Last, we investigate a spreading process based on the SI (susceptible-infected) model on temporal networks, where interlayer links only exist between two counterparts at two adjacent time slots^{23}. In the SI model, each node has only two states: “susceptible” (S) or “infected” (I), and 5% nodes are randomly chosen to be sources (infected) at initial time *t* = 0 in our simulations. At each time (which corresponds to one layer in the temporal network), the infected nodes will infect the susceptible neighboring nodes with a specific infection rate *λ* (see Supplementary Note 6 for more details). In the spreading process, the fraction of infected nodes *I*(*T*) at time *t* = *T* on the reconstructed networks is calculated and compared to the real one with the network of social interactions at SFHH (La Société française d’Hygiène Hospitalière) conference (Fig. 6e). Simulations on synthetic networks reveal that the method overestimates *I*(*T*) when *r* is close to 1 (Fig. 6f). We also compare these results with the existing methods (see Supplementary Fig. 11 for more details). Further, we simulated the spreading processes on the Wiki-talk network which has 14 layers (14 weeks), and the CollegeMsg network that has 22 layers (22 days) (see Supplementary Fig. 10e, f for more results on real-world networks).

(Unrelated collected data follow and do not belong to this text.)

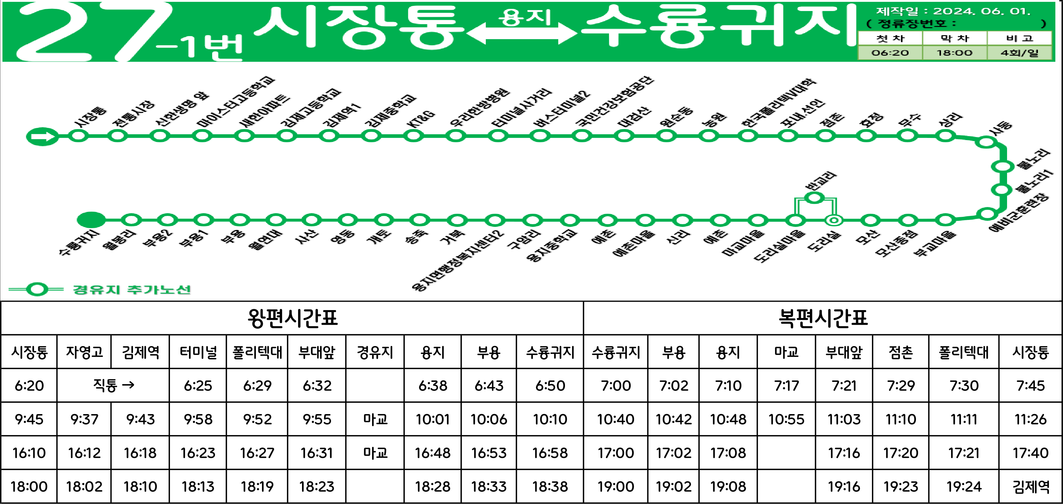 김제 27-1번: 시장통 ↔ (→ 구산사거리 → 김제농생명마이스터고 → 김제고 → 김제역 → 터미널사거리 →/← 김제우체국 ←) ↔ 김제공용버스터미널 ↔ 대검산 ↔ 한국폴리텍대학 ↔ 점촌사거리 ↔ 불노리사거리 ↔ 모산종점 ↔ 도리실 ↔ (반교리.마교) ↔ 용지면사무소 ↔ 월봉 ↔ 부용역 ↔ 수룡귀지
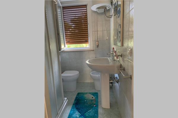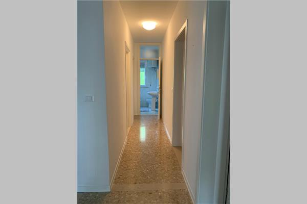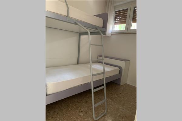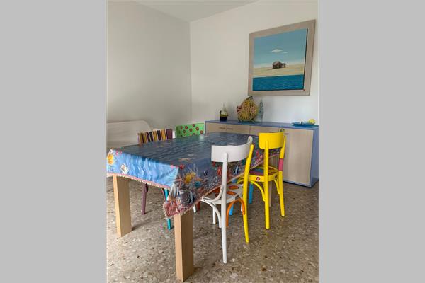 Piano primo senza ascensore si entra dal grande terrazzo abitabile coperto rifinito da tende di nuova installazione , ampio salotto con divano letto e tavolo da pranzo , cucina separata , bagno / lavanderia ;
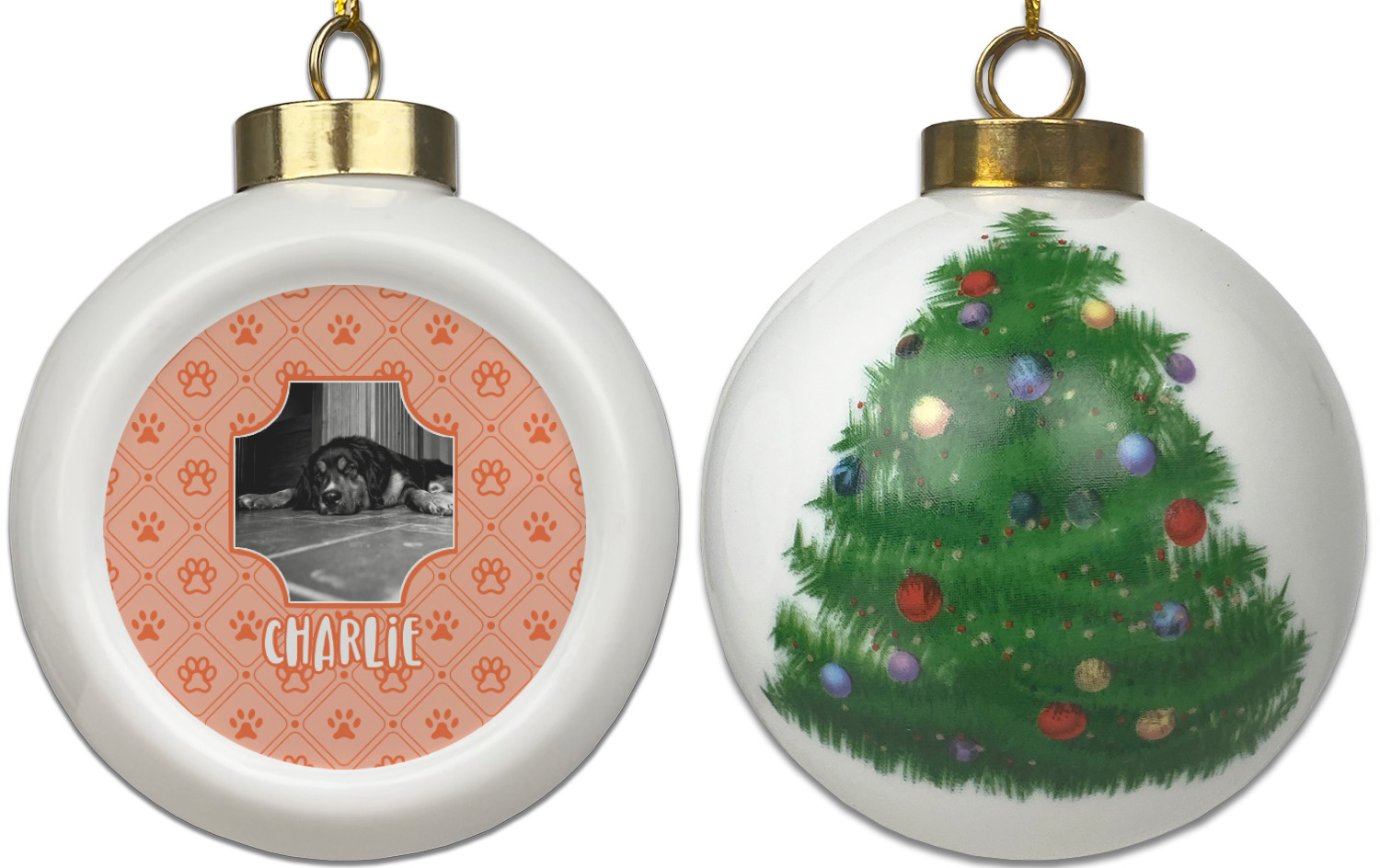 Our Christmas ornaments are a unique ceramic ball shape with a twist as it has a flat face to display your custom design! Select from one of our two design types - Christmas Tree or Poinsettia Garland - to adorn the curved back of your personal design. Each ornament measures 3H x 2.5W x 2D accompanied with a gold string accent for finishing touches to hang on your beautiful Christmas tree!

Moreover, we have studied how the performance of reconstruction for dynamics is influenced by more network characteristics, including the overlap of edges and ratio of heterogeneity (see Supplementary Fig. 12 for more results on synthetic network with different characteristics).

## Discussion

Network reconstruction has attracted much research attention recently^{24,31,42}, since it has wide applications such as link prediction, community detection and systems’ vulnerability analysis. Most previous studies focused on monoplex networks, and therefore there is a pressing need to develop a reconstruction framework for multiplex networks. Existing work have met success to determine if an observed monoplex network is the outcome of a hidden multilayer process by assuming generative models for each layer of the multiplex network. However, it is necessary to further explore the multiplex layers structure and predict the dynamics once it is verified that there is a hidden multiplex structure. Our primary goal is to reconstruct the multiplex structure from the knowledge of both an observed aggregate monoplex network and partial observations.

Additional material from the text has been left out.